## TASK INSTRUCTIONS
Copy exactly, beginning with the line holding "砂的含泥量(即粒径小于0.0" and ending with the final line of the data beneath this task; copy nothing else, and leave out every picture.

Stored entries:

BEGIN

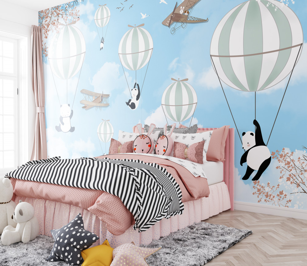 Tapeta Fototapeta pandy bawią się balonami na ogrzane powietrze (artykuł a89853 ) z kategorii Fototapety dla Chłopców
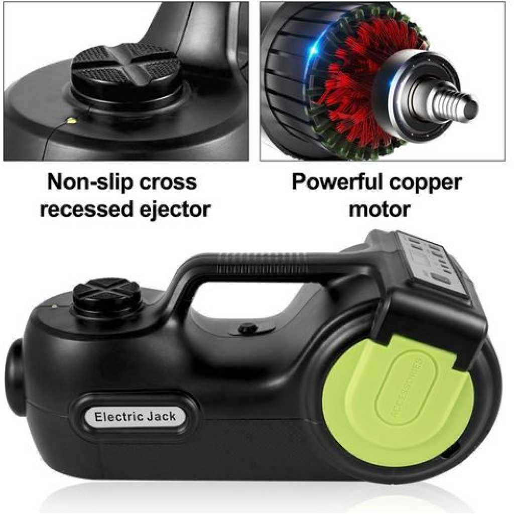 Electric Car Jack 5ton Car Jack Hydraulic, Electric Floor Jack With Electric Impact Wrench, LED Light Hydraulic Jack Car Repair Tool, 155-530mm Lifting Range For SUV MPV Sedan Truck Repair- Black . VEVOR is a leading brand that specializes in equipment and tools. Along with thousands of motivated employees, VEVOR is dedicated to providing our customers with tough equipment & tools at incredibly low prices. Today, VEVOR has occupied markets of more than 200 countries with 10 million plus global members. Why Choose VEVOR? 1. Tough Quality Assurance 2. Incredibly Low Prices 3. Fast & Secure Delivery 4.30-Day Free Returns 5.24/7 Professional Customer Service Product Description 5-Ton Hydraulic Car JackThe electric jack has four functions, hydraulic jack, tire inflation pump, warning light, and LED light, which can meet your multiple needs. The electric wrench can remove screws and quickly replace tires. The car jack kit is an indispensable helper for garages, farms, highways, and long-distance trips. It is very suitable for emergency roadside tire replacement.5-Ton Lifting CapacityThe automatic car jacks have a maximum lifting weight of 5 tons (11000 pounds) and a lifting height range of 5.9 to 20.9 inches. Perfect for cars, CRV, SUV, Sedan, etc. Before the operation, park the car on flat ground, and avoid the car moving.Automatic LiftingWith the simple control panel, the electric floor jack can automatically rise and fall, and it can reach up to its maximum value in minutes. The Jack’s self-locking structure can prevent the car from falling suddenly and ensure the operation of security.Electric Impact WrenchThe impact wrench can easily and quickly remove the tire screws, and it can be used after connecting to the 12V car power supply. Very suitable for emergency roadside tire replacement. Say goodbye to tedious manual disassembly. Multi-function ToolboxThe red triangle warning sign outside the box can be used as a warning road sign when changing the highway’s tires. Each part has its position, and it can be precisely embedded in the box. The compact case design is very space-saving and comfortable to carry. Copper Motor & Non-Slip HeadThe hydraulic floor jack has reliable performance and quality, and uses a pure copper motor, with large torque, low noise, high speed, and stable performance. The jack ejector features a non-slip design, which can stabilize the vehicle. Thoughtful DesignBuilt-in LED lights are bright enough to use in the dark. The compact toolbox on the side of the jack can be used to store other tools. You can get power from the car battery through the 12V lighter or the battery clip. The built-in tire pump can quickly inflate the tires. Specifications Max. Loading Car Weight: 5 Ton / 11000 lbsLifting Range: 5.9-20.9 inch / 155-530 mmRated Power: 150WOperation Voltage: DC 12VMax.current: 13AMax pressure: 150 psiAir Flow: 35 L/minAir hose length: 0.65 mOperation Voltage: DC 12VMax. Torque: 420 N. M Package Content 1 x Electric Jack1 x Electric Impact Wrench1 x Tool Box2 x Double Head Sleeve1 xLighter Power Line1 x Battery Clip1 x Gloves1 x Set Of Accessories
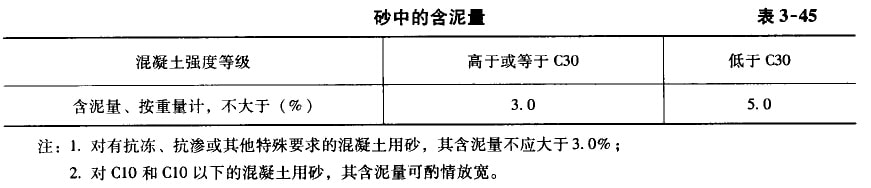 砂的含泥量(即粒径小于0.080mm的尘屑、淤泥和豹土的总含量)应符合表3—45的规定。
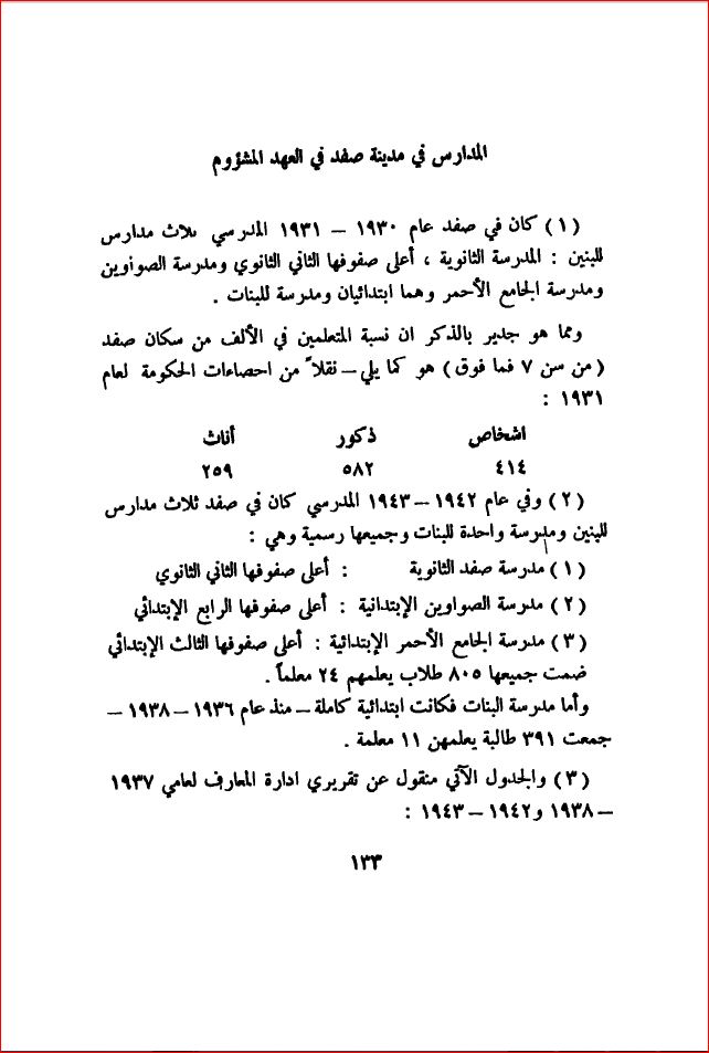 المدارس في مدينة صفد في العهد المشؤوم - بلادنا فلسطين، صفحة 133 |
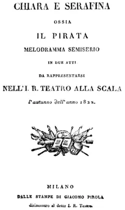 - ↑ a b Chiara e Serafina, ossia Il pirata, Neapel 1822, Libretto der Uraufführung im Internet-Archiv (italienisch; Abruf am 11. September 2021)
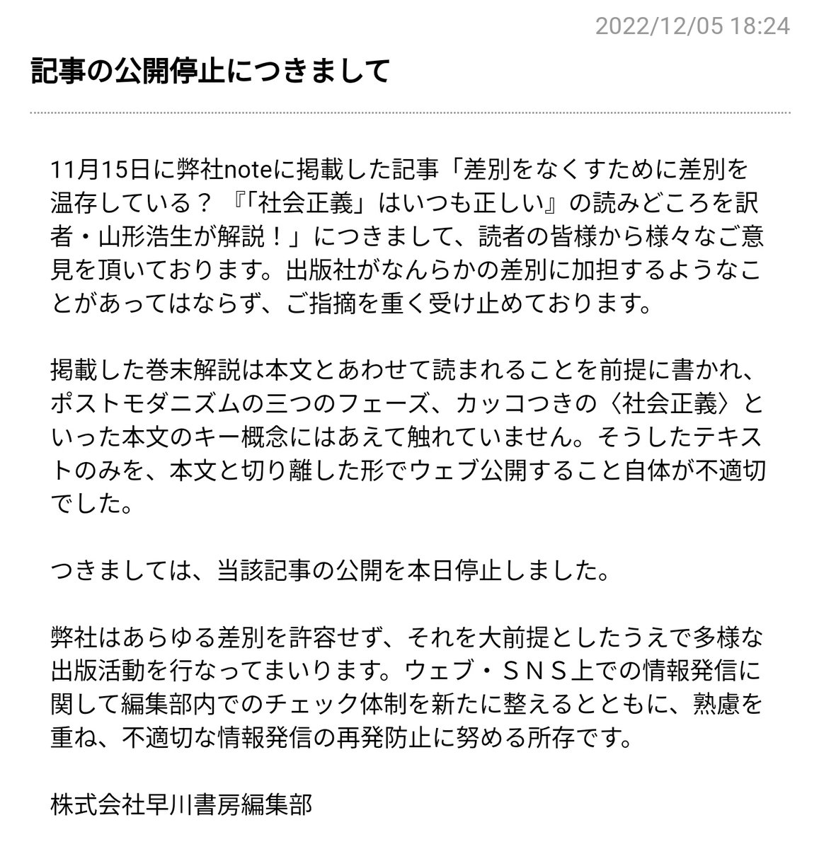 この一ノ瀬さんが書いた記事があるのかと思って探しちゃったよ。書いた人じゃなくて担当がこんなお詫びするの、筋が違うでしょ。中身はまだ見てないが。 twitter.com/shotichin/stat…

END

## REPLY TO THE TASK
 砂的含泥量(即粒径小于0.080mm的尘屑、淤泥和豹土的总含量)应符合表3—45的规定。
 المدارس في مدينة صفد في العهد المشؤوم - بلادنا فلسطين، صفحة 133 |
 - ↑ a b Chiara e Serafina, ossia Il pirata, Neapel 1822, Libretto der Uraufführung im Internet-Archiv (italienisch; Abruf am 11. September 2021)
 この一ノ瀬さんが書いた記事があるのかと思って探しちゃったよ。書いた人じゃなくて担当がこんなお詫びするの、筋が違うでしょ。中身はまだ見てないが。 twitter.com/shotichin/stat…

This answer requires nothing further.